This is an updated story that was first published in the September issue of Profit & Loss before a new EBS Brokertec CEO was appointed.
News that Gil Mandelzis, CEO of EBS Brokertec, is stepping down from the role has triggered the usual speculation over a successor and the business conditions the next CEO will face. Without doubt, the next head of EBS will be taking the reins of a very different company to that inherited by Mandelzis.
Historically, EBS was considered a G3 spot inter-dealer platform that, along with Reuters Matching, was the primary trading venue for when the banks needed to clear risk.
As HFTs started to become more active in the FX market generally post-2008, so their presence grew on the EBS platform. This in and of itself was not a problem, but it did perhaps mark the first major shift away from EBS’ traditional identity within the FX market.
As this shift occurred, there was a growing discontent from some banks about the way that some HFT firms behaved on the platform and the perceived manner in which EBS distributed its data to some of these firms.
Thus, when Mandelzis was put in charge of EBS in 2012, it was at a time when volumes on the platform were declining and, as he put during an interview with Profit & Loss at the time, there was “a justifiable sense of disappointment from some of our customers over how they were interacting with EBS”.

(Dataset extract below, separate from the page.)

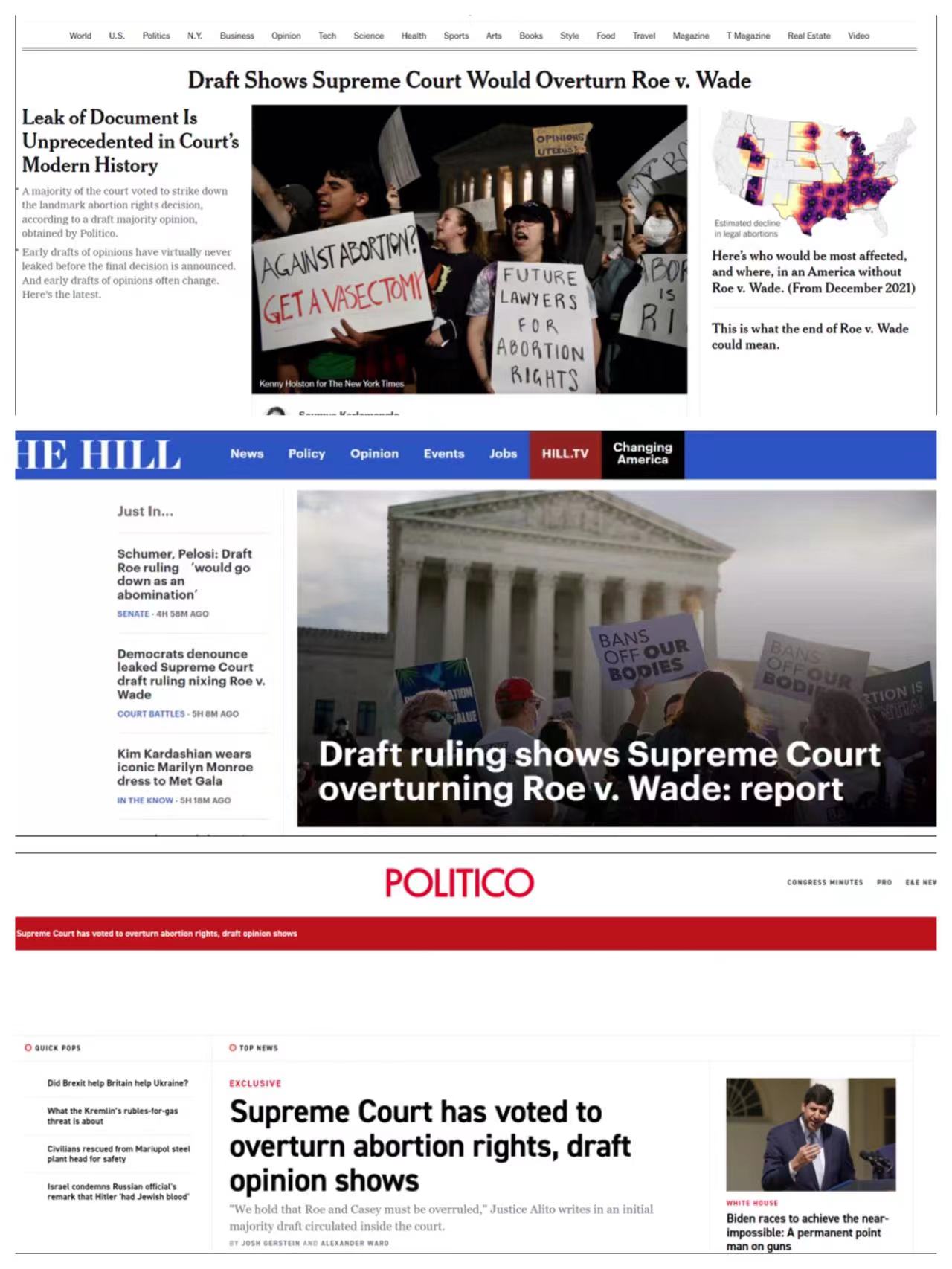 從阿利托的判決書草稿來看,用詞非常尖鋭,不僅完全推翻了前代法官的邏輯,也沒有顧及少數派的感受,幾乎是率性而為。如果該草稿不被曝光,經過修改軟化之後再定稿,雙方的矛盾就仍然還有回還的餘地。曝光之後,就算阿利托想退後,在保守派勢力眼裏也會失分。自由派那邊面對如此尖鋭的草稿,如果最終的少數派意見不能夠強勢回應,在自由派勢力那裏也無法交待。無形之中,無論曝光人的最初動機是什麼,都在客觀上助推了兩派法官的矛盾。

Mandelzis was always careful not to distinguish between bank and non-banks, instead focusing on curbing what he termed as “disruptive” behaviour on the EBS platform. To this end, the firm introduced a number of changes that same year, including a move away from decimalisation, which, as Profit & Loss reported, initially received praise from both bank and non-bank participants.

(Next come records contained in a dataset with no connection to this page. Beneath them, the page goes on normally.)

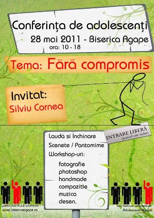 Sâmbătă, 28 mai 2011, toţi adolescenţii sunt invitaţi la Arad. Ediţia 2011 a conferinţei pentru adolescenţi are tema: „Fără compromis”. Evenimentul va fi găzduit de biserica „Agape” şi îl are ca invitat pe pastorul Silviu Cornea. Programul de o zi include jocuri, workshop-uri de photoshop, fotografie, compoziţie, muzică şi desen.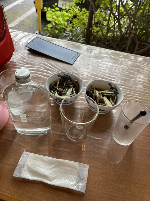 てから~w いつものいいちこボトルを蕎麦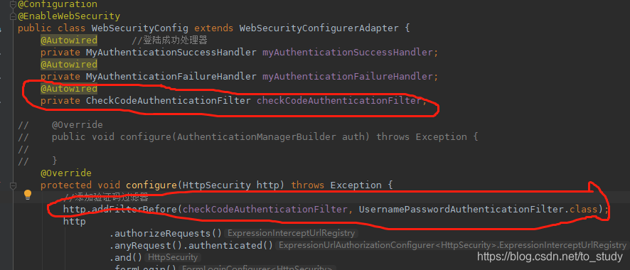 //验证码验证过滤器,继承OncePerRequestFilter,该过滤器作用于账户密码过滤器前 @Component public class CheckCodeAuthenticationFilter extends OncePerRequestFilter { @Autowired private MyAuthenticationFailureHandler myAuthenticationFailureHandler; @Override protected void doFilterInternal(HttpServletRequest request, HttpServletResponse response, FilterChain filterChain) throws ServletException, IOException { //判断当前请求是否是登陆请求 if (request.getRequestURI().contains("/securityLogin")) { //检验验证码 try { //用户输入的验证码 final String imageCode = request.getParameter("code"); //获取系统生成的验证码 String key = (String) request.getSession().getAttribute("checkCode"); if (key == null || key == "") { throw new CheckCodeException("请勿重复登陆"); } if (!imageCode.trim().equalsIgnoreCase(key.trim())) { //抛出自定义验证码异常 throw new CheckCodeException("验证码错误"); } } catch (AuthenticationException e) { //交给authenticationFailureHandler(自定义登陆失败处理器)处理 myAuthenticationFailureHandler.onAuthenticationFailure(request, response, e); return; } } //验证码正确放行 filterChain.doFilter(request, response); } } - 在配置类中将验证码过滤器放在security的过滤链中,并放在靠前面的,账号密码验证之前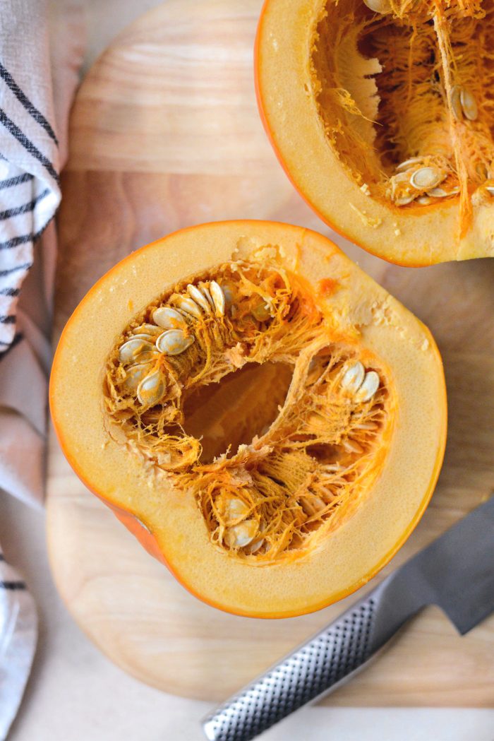 Trim the top of your pumpkin. I made a frittata and was using a pie pumpkin, however the seeds from a traditional carving pumpkins work too!

But these were to be the first of many changes at EBS.
Under Mandelzis’ watch, the firm launched EBS Direct, the disclosed trading platform; EBS Select, an anonymous, segmented, bilateral liquidity pool; EBS Hedge, a midpoint price matching liquidity pool, BrokerTec Direct, a relationship- based fixed income platform; and eFix Matching, an electronic service that executes buy and sell interest at the most popular benchmarks.
In addition, since 2012 EBS and BrokerTec have been combined, MyTreasury was combined into the FX portfolio and EBS Institutional (EBSI) was created after the firm acquired Molten Markets in October 2015. The firm also launched FX forwards on EBS Direct and licensed derivatives software for FX options from FX Bridge Technologies.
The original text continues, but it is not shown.